Ты, маленький, низенький, в сером весь,
Мой мертвый магистр, зачем ты здесь?
Безмолвно ко мне обращает он взгляд,
Трясет головой и уходит назад.
Косматый мой пес, ты скулишь неспроста!
Как ярко сверкают зрачки у кота!
К чему это женщины подняли вой?
О чем это нянька поет надо мной?
Нет, нянюшка, песенкам прежним конец,
Я нынче, ты знаешь, иду под венец;
Баюкать меня теперь ни к чему, -
Смотри-ка, и гости - один к одному!
Друзья, как любезно, не ждал никогда б! -
В руках у вас головы вместо шляп.
И вы, дрыгоножки, вы тоже пришли:
Что поздно сегодня сорвались с петли?
А вот на метле и старушка карга.
Благослови же родного сынка!
И ведьма, трясясь, выступает вперед;
"Аминь!" - произносит морщинистый рот.
Идут музыканты - к скелету скелет,
Слепая скрипачка пиликает вслед;
Явился паяц, размалеванный в прах,
С могильщиком на худых плечах.
Двенадцать монахинь ведут хоровод,
И сводня косая им тон задаст,
Двенадцать попов похотливых свистят
И гнусность поют на церковный лад.
А ты, старьевщик, надрываешься зря,
На что в преисподней мне шуба твоя!
Там есть чем топить до скончанья веков, -
Останками смертных - царей, бедняков.
Несносен горбатых цветочниц вой -
Знай, по полу носятся вниз головой.
Вы, рожи совиные, - без затей!
Оставьте! К чему этот хруст костей!
Поистине, с цепи сорвался ад.
Их больше и больше, визжат и гудят;
Вот вальс преисподней... Потише вы, эй!
Сейчас я увижусь с подругой моей.
Потише вы, сброд, или попросту прочь!
Себя самого мне расслышать невмочь.
Как будто подъехали к дому теперь?
Кухарочка!
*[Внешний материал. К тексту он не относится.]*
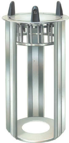
Model 400925 Open

400025, 400525, 400625, 400725, 400825, 400925, 401025 401125, 401225, 500025, 500525, 500625, 500725, 500825 500925, 500925, 501025, 501125, 501225, 600025, 600525 600625, 600725, 600825, 600925, 600925, 601025, 601125 601225
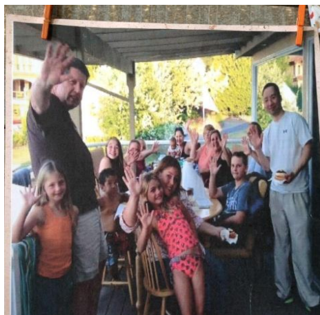
My very large family
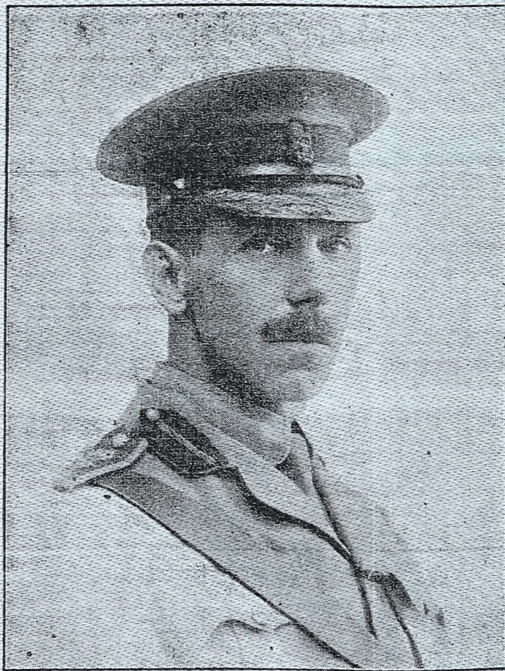
Block kindly lent by "W.A. Rifleman."
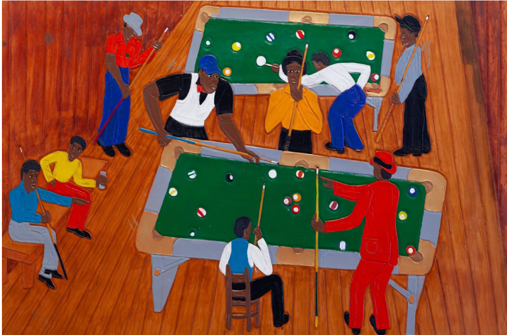
WINFRED REMBERT, "Jeff's Pool Room," 2003 (dye on carved and tooled leather, 59.1 x 88.9 cm / 23 1/4 x 35 inches). I © 2023 The Estate of Winfred Rembert/ARS NY, Courtesy the artist, Fort Gansevoort, and Hauser & Wirth

10 locations in New York, Los Angeles, Hong Kong, and Europe began representing the artist's estate in collaboration with Fort Gansevoort, a rare feat for a self-taught contemporary artist.
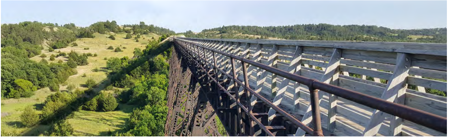
Cowboy Trail in Nebraska
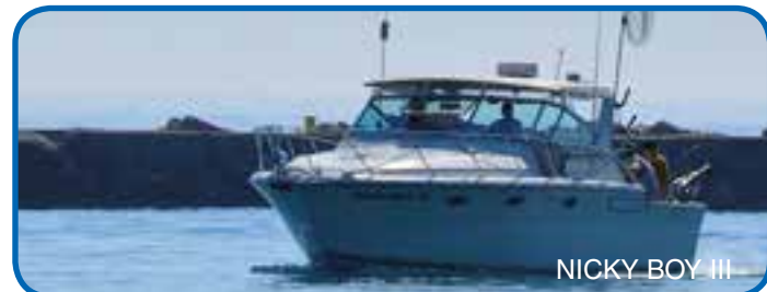
NICKY BOY III
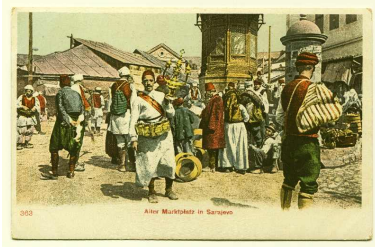
"The Old Marketplace In Sarajevo"
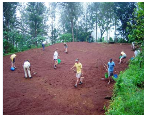
Besides climbing, Outdoor Pursuits team members planned, facilitated and implemented three service projects during the 39 day expedition. Here, the team is spreading and compacting gravel on the newly constructed basketball/net-ball court at the Kidia Secondary School in Kidia, Tanzania. July 22, 2006.

"To you it might seem to be only an exercise, but to us it is the Golden Fleece," a tablet presented to the team by the villagers read. "The efficiency with which you work is beyond comprehension and the product is marvelous. We even thought you were some kind of soldiers only to learn that you are ordinary rock and mountain climbers."
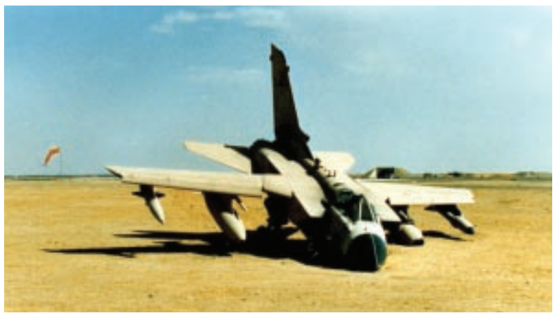
Tornado GR1 off the runway

because of the premature detonation of the bomb or bombs it was carrying, but it has not been possible to determine the cause of the loss of the other two GR1s. Flying at very low levels en route to the target carried its own inherent risks; adding to this the need to fly over heavily defended air bases, it becomes apparent that the RAF were lucky not to sustain heavier casualties.

Что же! Открой им дверь!
Привет, дорогая! О, что за честь!
И пастор тут! Не угодно ли сесть?
Хоть вы с лошадиным копытом, с хвостом,
Я ваш, преподобный отец, целиком!
Любимая, что ты бледна, как мертвец?
Нас пастор сейчас поведет под венец;
Я кровью ему заплатил, это так,
Но плата, в сравненье с тобою, пустяк.
Колени склони, дорогая, со мной! -
Она на коленях - о миг неземной!
Прижалась ко мне - там, где сердце мое,
И в жутком восторге я обнял ее.
Я волнами локонов нежно обвит,
И сердце у сердца любимой стучит.
Стучат от блаженства и боли сердца
И к небу стремятся, к престолу творца.
Восторгом сердца беспредельным зажглись
И рвутся туда, где священная высь;
Но здесь, на земле, торжествует зло:
Нам ад возложил свою длань на чело.
Гнетущего мрака угрюмый сын
Свершает над нами венчания чин;
Кровавую книгу он держит в руках,
В молитве - кощунство, проклятье - в словах.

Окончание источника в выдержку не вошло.